JAKARTA, KOMPAS.com – Cuti bersama pada 18 Agustus 2025 yang ditetapkan pemerintah untuk memeriahkan HUT ke-80 RI rupanya tak selalu disambut gembira.
"Jangankan berharap 18 Agustus libur, tanggal 17 Agustus saja disuruh masuk, " kalimat itu keluar dengan nada getir dari Tama (37), seorang karyawan swasta di Jakarta.
Tidak ada eufotia, apalagi rencana liburan. Pasalnya, ia tetap harus bekerja pada Hari Kemerdekaan yang jatuh pada hari Minggu itu.
“Di saat orang lain menikmati libur panjang, kami cuma bisa ngiler. Kami masih harus banting tulang biar tetap bisa makan,” kata Tama kepada Kompas.com, Jumat (8/8/2025).
Baca juga: Cuti Bersama 18 Agustus Dinilai Lebih Untungkan Pegawai Negeri Ketimbang Swasta
Tama menilai, hari libur nasional kadang hanya benar-benar menjadi milik segelintir orang, yakni bos besar dan para pegawai negeri.

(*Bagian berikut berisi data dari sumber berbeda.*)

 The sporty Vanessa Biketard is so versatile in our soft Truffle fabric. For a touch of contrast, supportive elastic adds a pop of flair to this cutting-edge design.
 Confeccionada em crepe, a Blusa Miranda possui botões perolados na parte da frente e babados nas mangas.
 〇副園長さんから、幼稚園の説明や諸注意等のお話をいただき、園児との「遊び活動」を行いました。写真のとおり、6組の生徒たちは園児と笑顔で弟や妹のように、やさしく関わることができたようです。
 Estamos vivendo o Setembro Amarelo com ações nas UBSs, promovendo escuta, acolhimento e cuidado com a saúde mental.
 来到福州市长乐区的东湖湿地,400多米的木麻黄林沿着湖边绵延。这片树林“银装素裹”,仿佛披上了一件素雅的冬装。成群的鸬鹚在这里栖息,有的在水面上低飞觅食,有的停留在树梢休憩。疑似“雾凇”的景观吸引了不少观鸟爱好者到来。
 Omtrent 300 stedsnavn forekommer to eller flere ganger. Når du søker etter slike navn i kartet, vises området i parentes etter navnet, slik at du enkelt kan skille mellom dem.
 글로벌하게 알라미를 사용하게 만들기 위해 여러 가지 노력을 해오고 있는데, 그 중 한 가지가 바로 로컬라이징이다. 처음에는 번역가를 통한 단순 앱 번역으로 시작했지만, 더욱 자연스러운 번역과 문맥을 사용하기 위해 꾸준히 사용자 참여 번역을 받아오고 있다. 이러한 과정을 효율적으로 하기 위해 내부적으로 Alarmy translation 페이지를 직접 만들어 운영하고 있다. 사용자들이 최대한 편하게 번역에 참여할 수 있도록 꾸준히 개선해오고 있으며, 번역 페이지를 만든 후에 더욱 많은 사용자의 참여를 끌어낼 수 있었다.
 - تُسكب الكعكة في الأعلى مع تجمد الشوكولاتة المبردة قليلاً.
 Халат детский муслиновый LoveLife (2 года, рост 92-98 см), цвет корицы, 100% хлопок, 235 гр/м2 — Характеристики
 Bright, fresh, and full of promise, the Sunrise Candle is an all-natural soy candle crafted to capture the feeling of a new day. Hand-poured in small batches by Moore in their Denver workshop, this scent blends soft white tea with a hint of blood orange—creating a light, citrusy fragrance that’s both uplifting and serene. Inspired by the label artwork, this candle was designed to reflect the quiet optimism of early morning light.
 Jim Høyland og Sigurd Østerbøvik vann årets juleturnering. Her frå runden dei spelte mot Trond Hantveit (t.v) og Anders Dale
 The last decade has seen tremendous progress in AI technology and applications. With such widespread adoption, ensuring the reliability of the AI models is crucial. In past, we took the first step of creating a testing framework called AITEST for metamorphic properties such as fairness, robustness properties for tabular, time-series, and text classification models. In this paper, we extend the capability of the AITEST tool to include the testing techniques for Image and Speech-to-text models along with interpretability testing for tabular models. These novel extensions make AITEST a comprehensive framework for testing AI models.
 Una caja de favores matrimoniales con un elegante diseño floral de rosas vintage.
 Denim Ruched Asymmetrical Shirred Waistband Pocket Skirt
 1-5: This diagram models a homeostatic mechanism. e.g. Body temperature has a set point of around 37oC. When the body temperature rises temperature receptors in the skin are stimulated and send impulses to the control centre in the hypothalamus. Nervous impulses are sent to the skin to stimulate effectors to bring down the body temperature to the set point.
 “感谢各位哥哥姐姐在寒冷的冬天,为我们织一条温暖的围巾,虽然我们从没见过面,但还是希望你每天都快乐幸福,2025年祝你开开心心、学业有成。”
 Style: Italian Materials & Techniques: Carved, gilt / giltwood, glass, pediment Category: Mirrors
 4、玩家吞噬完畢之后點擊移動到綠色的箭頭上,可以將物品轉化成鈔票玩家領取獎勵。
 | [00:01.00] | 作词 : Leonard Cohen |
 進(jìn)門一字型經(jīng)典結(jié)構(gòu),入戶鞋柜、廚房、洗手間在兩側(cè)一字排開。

“Kalau pekerja kelas bawah kayak gue tetap harus masuk buat memastikan operasional perusahaan tetap jalan di tengah-tengah orang yang bisa menikmati momen liburan bersama orang-orang terkasih,” ucap dia.
Pemerintah menetapkan cuti bersama 18 Agustus 2025 melalui SKB Tiga Menteri yang diteken Menteri Agama Nasaruddin Umar, Menteri Ketenagakerjaan Yassierli, dan Menteri PAN-RB Rini Widyantini pada Kamis (7/8/2025).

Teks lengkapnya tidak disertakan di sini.